Whitney Grace, March 9, 2021

The Semantic Web Identity Crisis? More Like Intellectual Cotton Candy?

February 22, 2021

The Semantic Web identity Crisis: In Search of the Trivialities That Never Were” is a 5,700 word essay about confusion. The write up asserts that those engaged in Semantic Web research have an “ill defined sense of identity.” What I liked about the essay is that semantic progress has been made, but moving from 80 percent of the journey over the last 20 percent is going to be difficult. I would add that making the Semantic Web “work” may be impossible.

The write up explains:

In this article, we make the case for a return to our roots of “Web” and “semantics”, from which we as a Semantic Web community—what’s in a name—seem to have drifted in search for other pursuits that, however interesting, perhaps needlessly distract us from the quest we had tasked ourselves with. In covering this journey, we have no choice but to trace those meandering footsteps along the many detours of our community—yet this time around with a promise to come back home in the end.

Does the write up “come back home”?

In order to succeed, we will need to hold ourselves to a new, significantly higher standard.

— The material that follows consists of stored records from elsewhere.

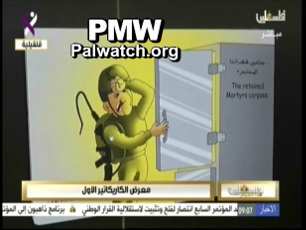 One of the cartoons from the exhibit is shown on-screen. The cartoon shows an Israeli soldier with a Star of David on his helmet and a grotesquely large nose opening a morgue refrigerator and being blinded by light emanating from within.
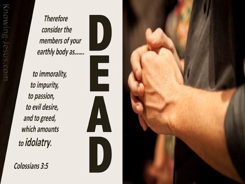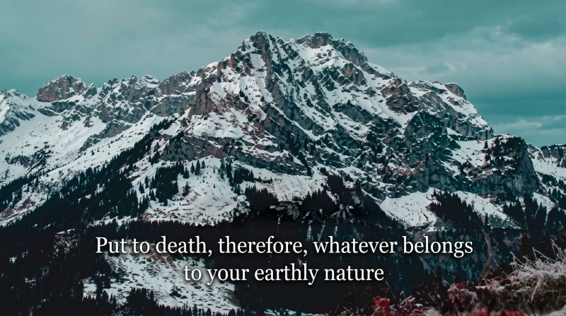 “(要)治死”Νεκρώσατε:νεκρόω的不定过去式主动态命令语气第二人称复数):把……置于死地。“要治死”是一个命令。为着能够真正“思念上面的事”,就必须“治死”地上的肢体。只要这些“肢体”还活着,人所能思念的就只有“地上的事”。同样,当人“思念上面的事”的时候,才能从“上面”(那里有基督在神的右边),得着“治死”地上的肢体的力量。人自己没有办法“治死”自己“在地上的肢体”。这工作惟有圣灵借十字架来完成。
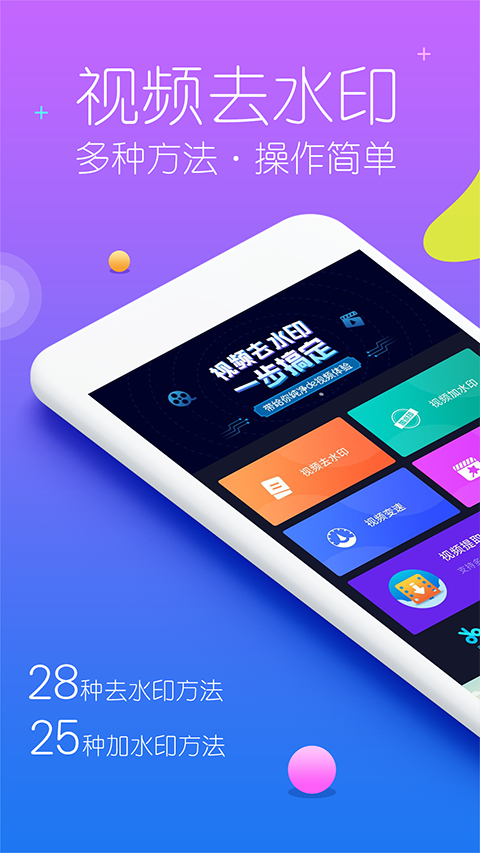 一键无痕短视频去水印。照片去水印,视频去水印软件。不仅仅是去水印,可以去除图片中一切不想要的东西。去掉文字,去掉杂物。只需要在想去掉的地方,涂抹、覆盖、贴花、模糊等诸多方法,秒去水印。一键去水印,支持多种视频编辑处理,去除视频水印、裁剪视频尺寸、裁剪时长、视频画布、视频配音、视频倒放、视频压缩等功能。
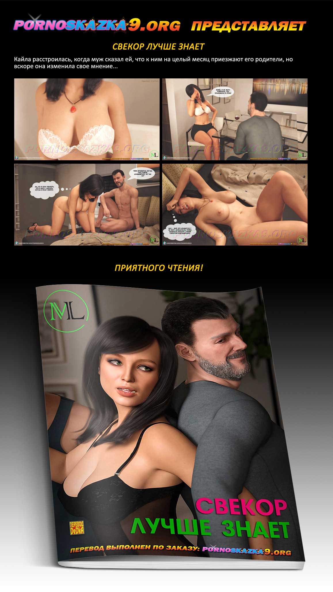 Порно комикс «Свекор лучше знает.» Кайла расстроилась, когда муж сказал ей, что к ним на целый месяц приезжают его родители, но вскоре она изменила свое мнение…

For too many years, we have expected engineers and software developers to take up the remaining 20%, as if they were the ones needing to catch up with us. Our fallacy has been our insistence that the remaining part of the road solely consisted of code to be written. We have been blind to the substantial research challenges we would surely face if we would only take our experiments out of our safe environments into the open Web. Turns out that the engineers and developers have moved on and are creating their own solutions, bypassing many of the lessons we already learned, because we stubbornly refused to acknowledge the amount of research needed to turn our theories into practice. As we were not ready for the Web, more pragmatic people started taking over.

From my point of view, it looks as if the Semantic Web thing is like a flashy yacht with its rudders and bow thrusters stuck in one position. The boat goes in circles. That would drive the passengers and crew bonkers.